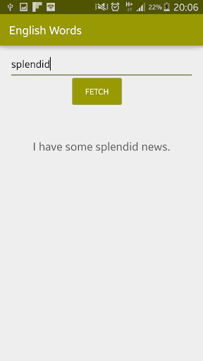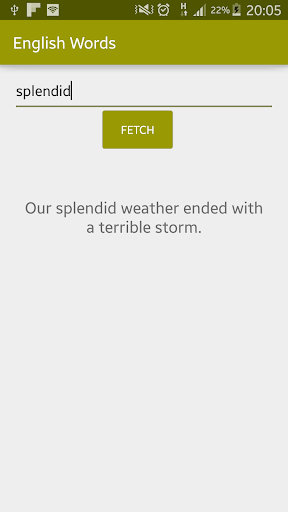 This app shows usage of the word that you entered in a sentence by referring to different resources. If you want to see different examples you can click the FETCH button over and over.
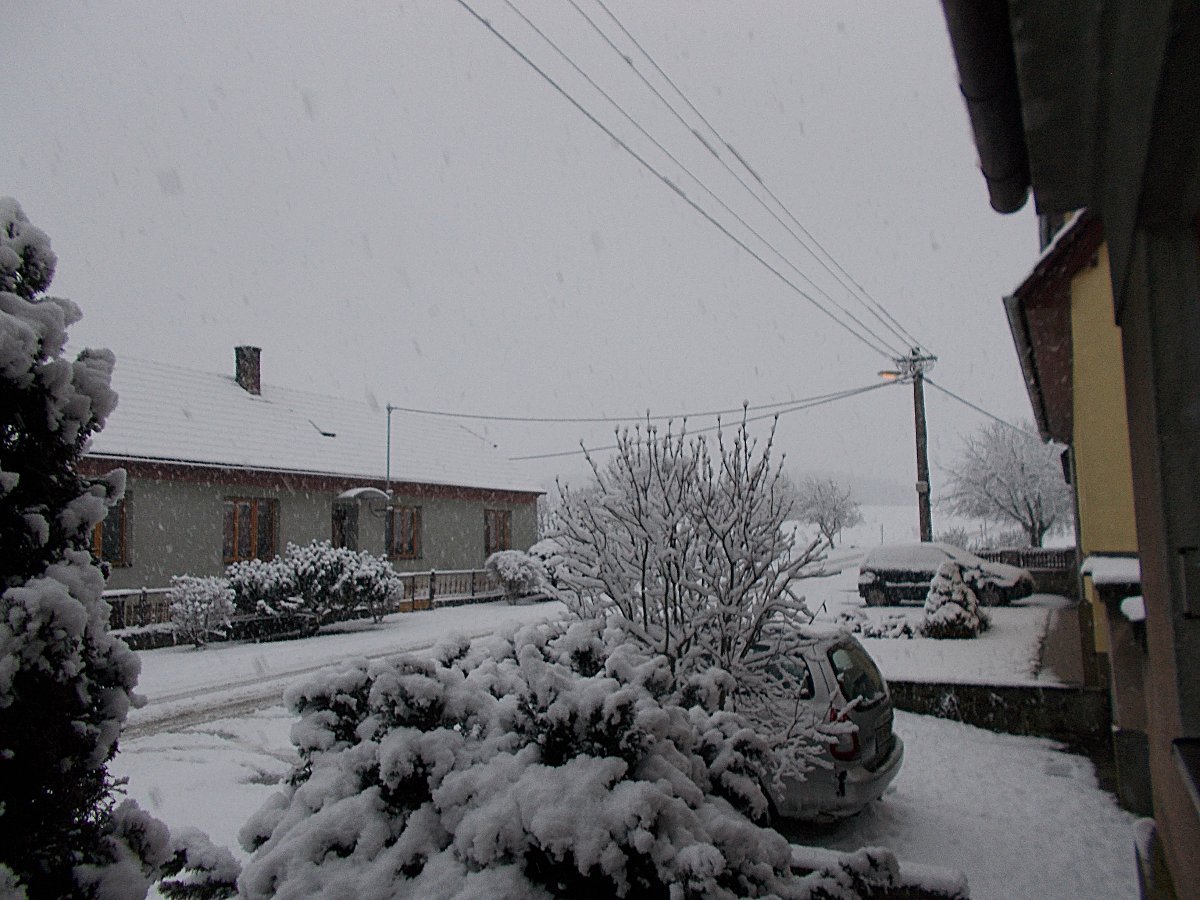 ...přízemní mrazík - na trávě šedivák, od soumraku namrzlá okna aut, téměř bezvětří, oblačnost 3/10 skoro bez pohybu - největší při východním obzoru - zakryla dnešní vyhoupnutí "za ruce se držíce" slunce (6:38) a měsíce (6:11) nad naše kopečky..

---

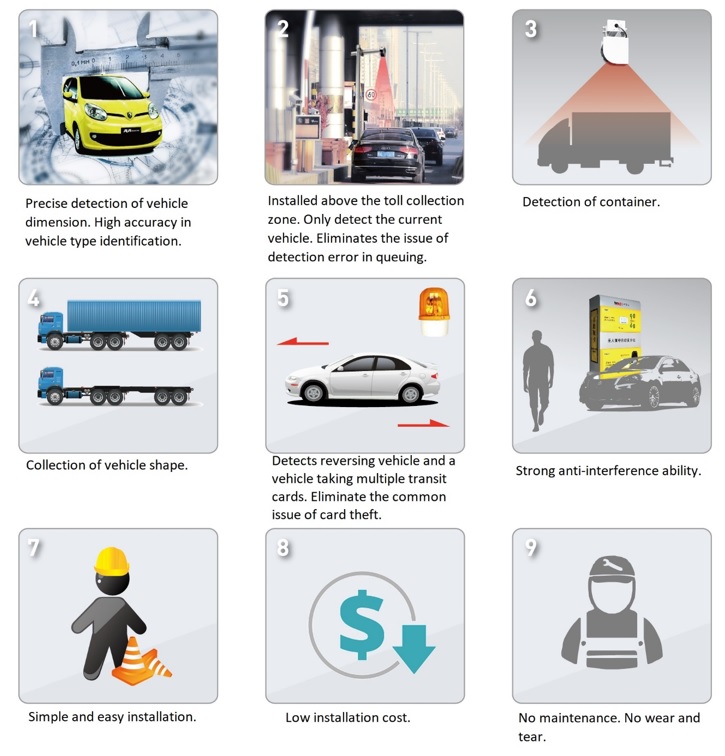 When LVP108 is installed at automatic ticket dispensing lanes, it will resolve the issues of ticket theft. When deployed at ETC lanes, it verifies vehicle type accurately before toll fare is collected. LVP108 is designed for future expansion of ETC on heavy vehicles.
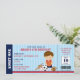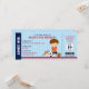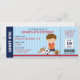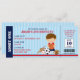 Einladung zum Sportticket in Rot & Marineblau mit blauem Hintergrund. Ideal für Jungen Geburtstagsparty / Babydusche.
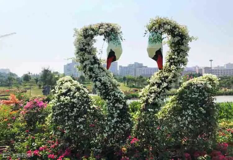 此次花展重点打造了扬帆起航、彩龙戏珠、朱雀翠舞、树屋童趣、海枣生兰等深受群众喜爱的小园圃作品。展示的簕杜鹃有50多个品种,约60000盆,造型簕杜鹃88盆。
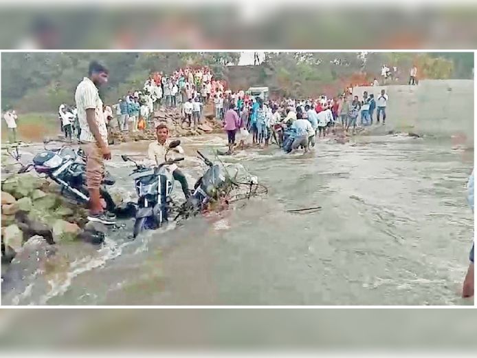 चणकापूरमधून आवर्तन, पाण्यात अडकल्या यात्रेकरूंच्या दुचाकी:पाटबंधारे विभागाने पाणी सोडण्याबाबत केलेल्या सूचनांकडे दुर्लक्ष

WORK TO BE COMPLETED:
Transcribe the listing above exactly, but only from the line with "此次花展重点打造了扬帆起航、" through the line with "चणकापूरमधून आवर्तन, पाण्यात". Include both of those lines and omit the pictures.

SOLUTION FOR THIS TASK:
 此次花展重点打造了扬帆起航、彩龙戏珠、朱雀翠舞、树屋童趣、海枣生兰等深受群众喜爱的小园圃作品。展示的簕杜鹃有50多个品种,约60000盆,造型簕杜鹃88盆。
 चणकापूरमधून आवर्तन, पाण्यात अडकल्या यात्रेकरूंच्या दुचाकी:पाटबंधारे विभागाने पाणी सोडण्याबाबत केलेल्या सूचनांकडे दुर्लक्ष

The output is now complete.